Antoine Compagnon en 2014 / Fuente: Le Figaro

»Tercera característica: habría que distinguir entre contrarrevolución y antirrevolución. La antirrevolución designa el conjunto de fuerzas que resisten a la Revolución, mientras que la contrarrevolución supone una teoría sobre la Revolución. Por consiguiente, de acuerdo con la distinción entre la antirrevolución y la contrarrevolución, nos interesan menos los antimodernos (el conjunto de fuerzas que se oponen a lo moderno), que aquellos a los que convendría más bien llamar contra-modernos puesto que su reacción está fundamentada en un pensamiento moderno. Sin embargo, contra-modernos no es un buen término. Por eso continuaremos hablando de antimodernos, sin olvidarnos de esta puntualización: los antimodernos no son los adversarios de lo moderno, sino los pensadores de lo moderno, sus teóricos.

»Teóricos de la Revolución, acostumbrados a sus razonamientos, los contrarrevolucionarios -o la mayoría de ellos, o lo más interesantes- son hijos de la Ilustración, y a menudo incluso de antiguos revolucionarios. Chateaubriand había visitado Ermenonville antes de 1789 y participado en la primera revolución nobiliaria, en Bretaña, en la primavera de 1789; en su Ensayo sobre las revoluciones (1797), admitía que la Revolución tenía muchas cosas buenas, reconocía lo que le debía a la Ilustración, y eximía a Rousseau de cualquier responsabilidad por sus veleidades terroristas. Bajo la Restauración, para los carlistas pasaba por un jacobino, y por un ultra para los liberales; incluso bajo la monarquía de Julio su oposición fue a la vez, paradójicamente, legitimista y liberal: «se dejó deslumbrar muy a menudo por las ilusiones de su época», lamentará Barbey d’Aurevilly. Burke, un whig, tomó partido por los colonos americanos contra la Corona. De Maistre, antiguo francmasón, siguió siendo hasta el final un enemigo del despotismo. E incluso Bonald, alcalde de Millau en 1789, vivió las primicias de la Revolución en la piel de un liberal. Baudelaire, en febrero de 1848, pedía que se fusilara al general Aupick, su suegro, mientras que Paulhan, convertidoen conservador, recordaba que había empezado su carrera como terrorista. El auténtico contrarrevolucionario ha conocido la embriaguez de la Revolución.

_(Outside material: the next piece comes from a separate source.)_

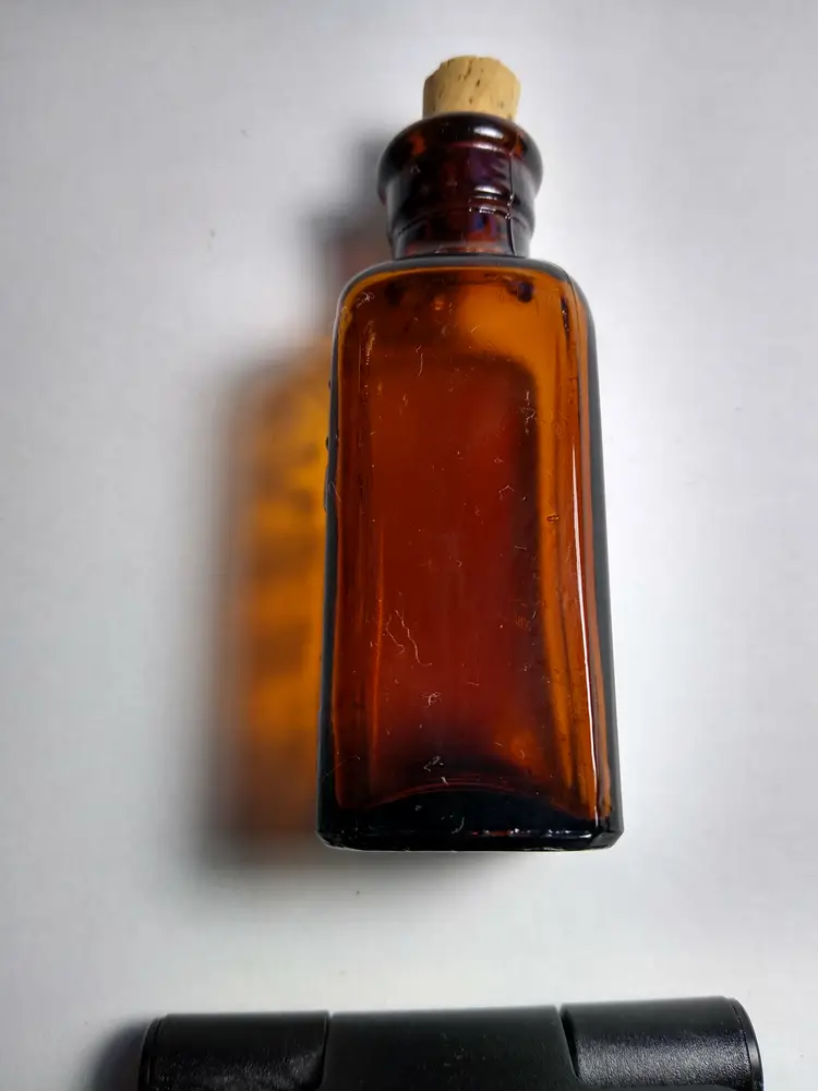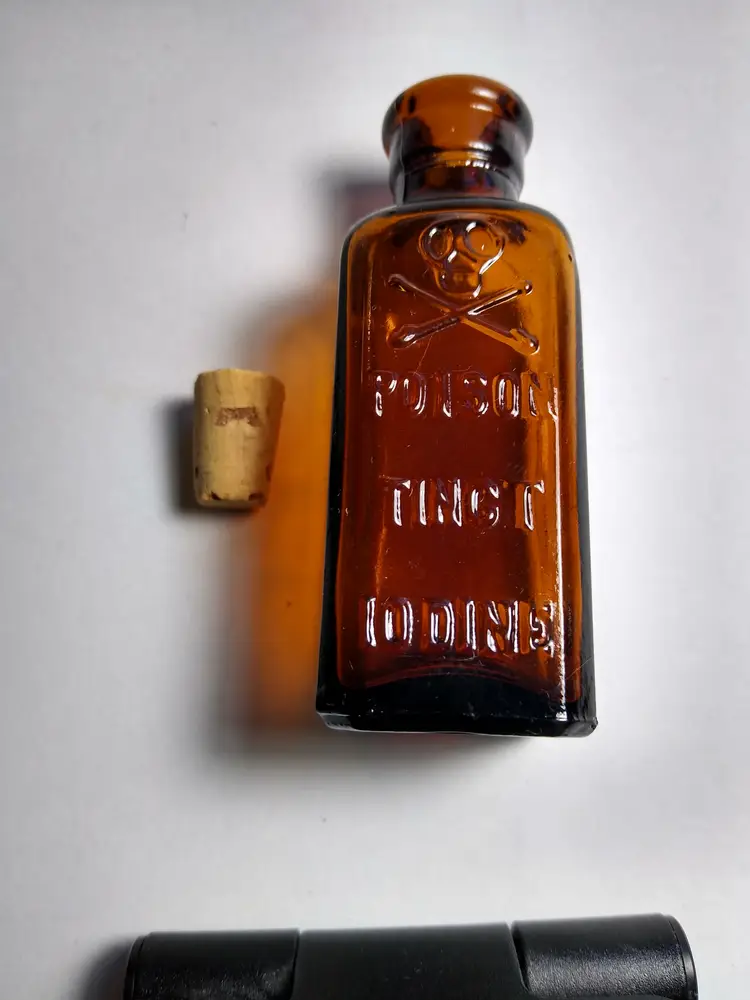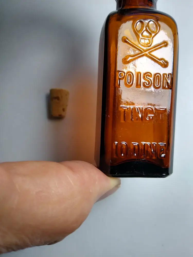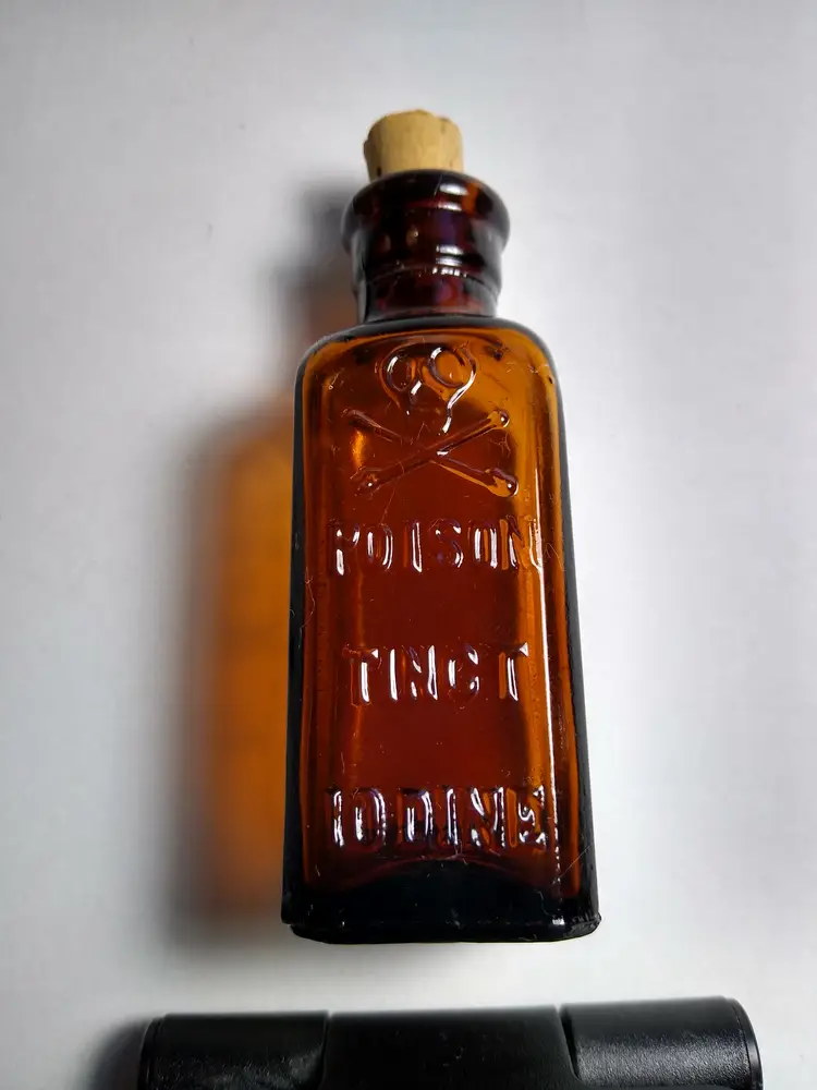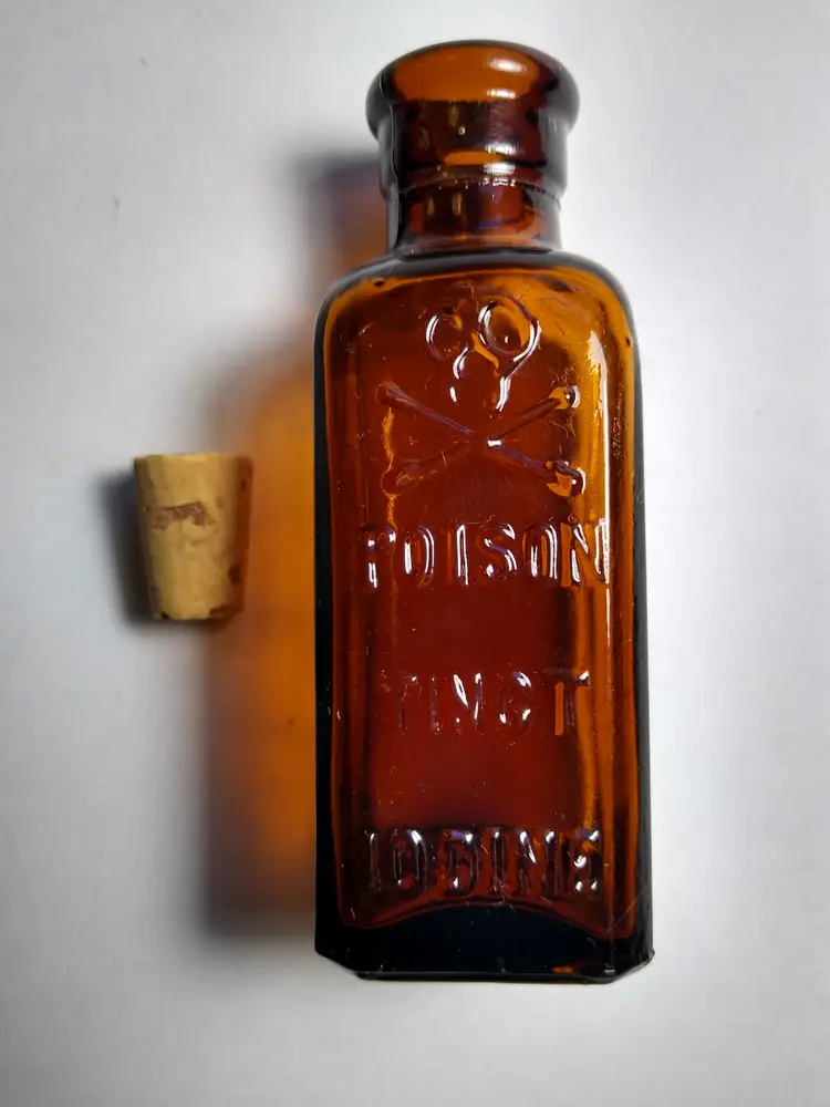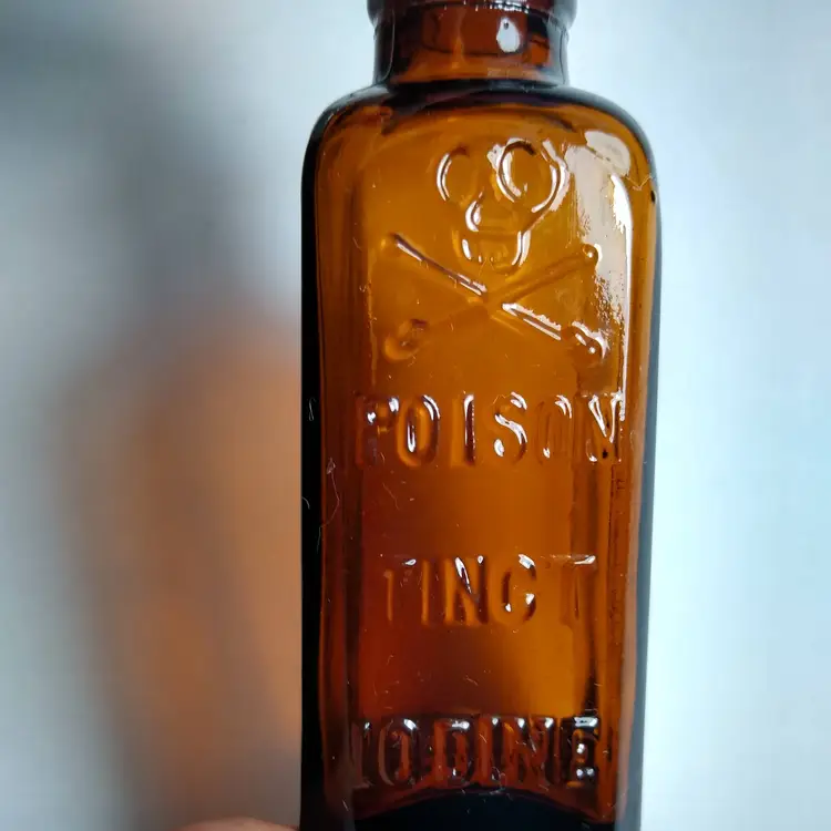 This vintage amber glass bottle features an embossed skull and crossbones with the words "POISON TINCT IODINE," making it a perfect spooky Halloween decoration. Crafted from amber glass, the bottle has a classic rectangular shape with a cork stopper, reminiscent of old apothecary or medicinal bottles. Its rich amber color adds an authentic antique charm, ideal for collectors or seasonal displays.

«Maurras, que no era un antimoderno aunque hubiera comenzado su vida como crítico literario, debutó en la carrera política denunciando la ambigüedad de Chateaubriand en 1898: «Prever ciertas calamidades, preverlas en público, con ese tono sarcástico, amargo y desenvuelto, equivale a propiciarlas… Este ídolo de los modernos conservadores representa para nosotros sobre todo el genio de las Revoluciones». Maurras insiste en una nota sobre el hecho de que «Chateaubriand permaneció siempre fiel a las ideas de la Revolución», que «lo que él quería, eran las ideas de la Revolución sin los hombres y las cosas de la Revolución», que fue «toda su vida un liberal, o, lo que es lo mismo, un anarquista». Nadie resume mejor que el futuro jefe de la Action Française la ambivalencia de Chateaubriand respecto a la Revolución y a la Ilustración, ambivalencia que basta para hacer de él un modelo de antimoderno.»

 

Antoine Compagnon, Los antimodernos, Barcelona, Acantilado, 2007, pp. 31-35.